What needs to be done
Copy the lines below, word for word, from the first through the line containing "These prices here". Leave the pictures out.

Information provided
*** Block opens ***

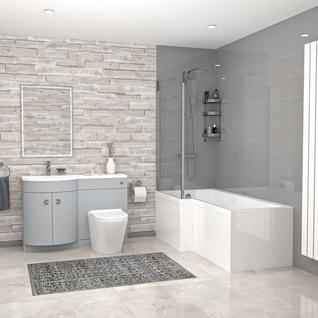 The Home L-Shaped LH Shower Bath Set is a comprehensive bathroom solution that combines style and functionality. This set includes an L-shaped shower bath, a sleek basin vanity unit, and a back-to-wall (BTW) toilet. The shower bath provides ample bathing space, while the basin vanity unit offers convenient storage and a modern aesthetic. The stylish Dene curved floor standing combination basin and WC unit with resin basin top, modern bathroom furniture with two curved doors and contemporary chrome effect handles which will bring a trendy look to your bathroom. It's trendy design hides all unsightly pipework creating a neat clean look.
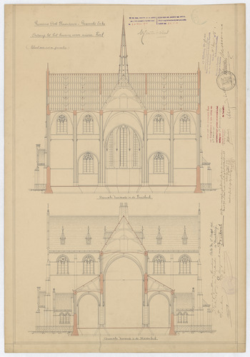 Opschrift: Provincie Oost-Vlaanderen - Gemeente Eecke. Ontwerp tot het bouwen eener nieuwe Kerk. Omschrijving plan: dwarsdoorsnede, dwarsdoorsnede op de kruisbeuk en op de middenbeuk Datum KCML: 30-12-1910 Archiefnummer: O0832
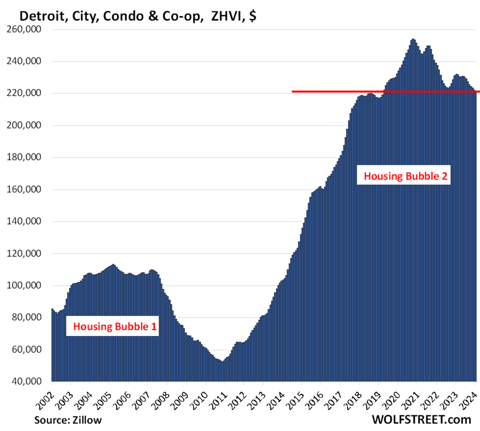 These prices here are seasonally adjusted and a three-month moving average to iron out the month-to-month squiggles. They’re part of the Zillow Home Value Index (ZHVI) data, based on the Zillow Database of All Homes. These are not median prices.
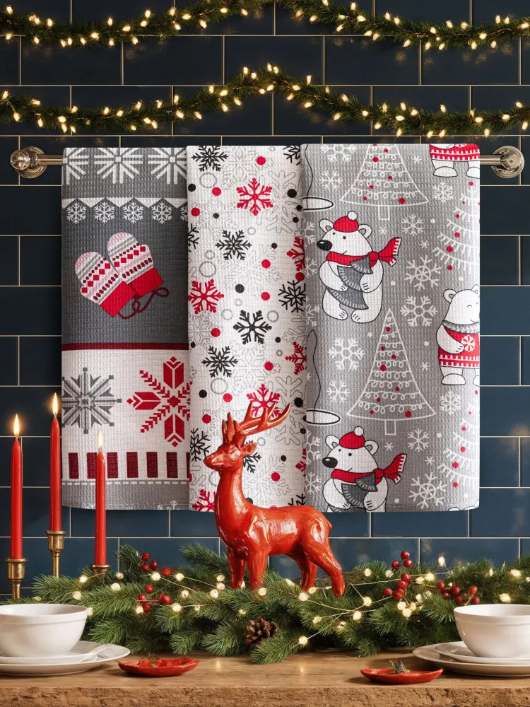 Серия: Snowy Joy Набор вафельных полотенец — незаменимый новогодний подарок для настоящей хозяйки. Красивые и стильные полотенчики с тематическим принтом создадут дома уют. Такие вафельные полотенца — универсальный предмет текстиля для столовой вне зависимости от того, в каком стиле оформлен её интерьер! Мягкие кухонные полотенца из устойчивой к износу ткани (100% хлопок) будут полезны во время готовки и других хозяйственных дел. Прочные тканевые полотенца плотностью 150 г/м2 хорошо впитывают влагу и быстро высыхают. Их также отличает способность долго сохранять цвет и рисунок. Прямоугольные вафельные полотенчики, которые не оставляют следов ворса — универсальный домашний текстиль. Быстросохнущими полотенцами удобно вытереть руки, их можно положить под посуду у раковины или использовать, чтобы смахнуть крошки со стола. |

*** Block closes ***

Task result
 The Home L-Shaped LH Shower Bath Set is a comprehensive bathroom solution that combines style and functionality. This set includes an L-shaped shower bath, a sleek basin vanity unit, and a back-to-wall (BTW) toilet. The shower bath provides ample bathing space, while the basin vanity unit offers convenient storage and a modern aesthetic. The stylish Dene curved floor standing combination basin and WC unit with resin basin top, modern bathroom furniture with two curved doors and contemporary chrome effect handles which will bring a trendy look to your bathroom. It's trendy design hides all unsightly pipework creating a neat clean look.
 Opschrift: Provincie Oost-Vlaanderen - Gemeente Eecke. Ontwerp tot het bouwen eener nieuwe Kerk. Omschrijving plan: dwarsdoorsnede, dwarsdoorsnede op de kruisbeuk en op de middenbeuk Datum KCML: 30-12-1910 Archiefnummer: O0832
 These prices here are seasonally adjusted and a three-month moving average to iron out the month-to-month squiggles. They’re part of the Zillow Home Value Index (ZHVI) data, based on the Zillow Database of All Homes. These are not median prices.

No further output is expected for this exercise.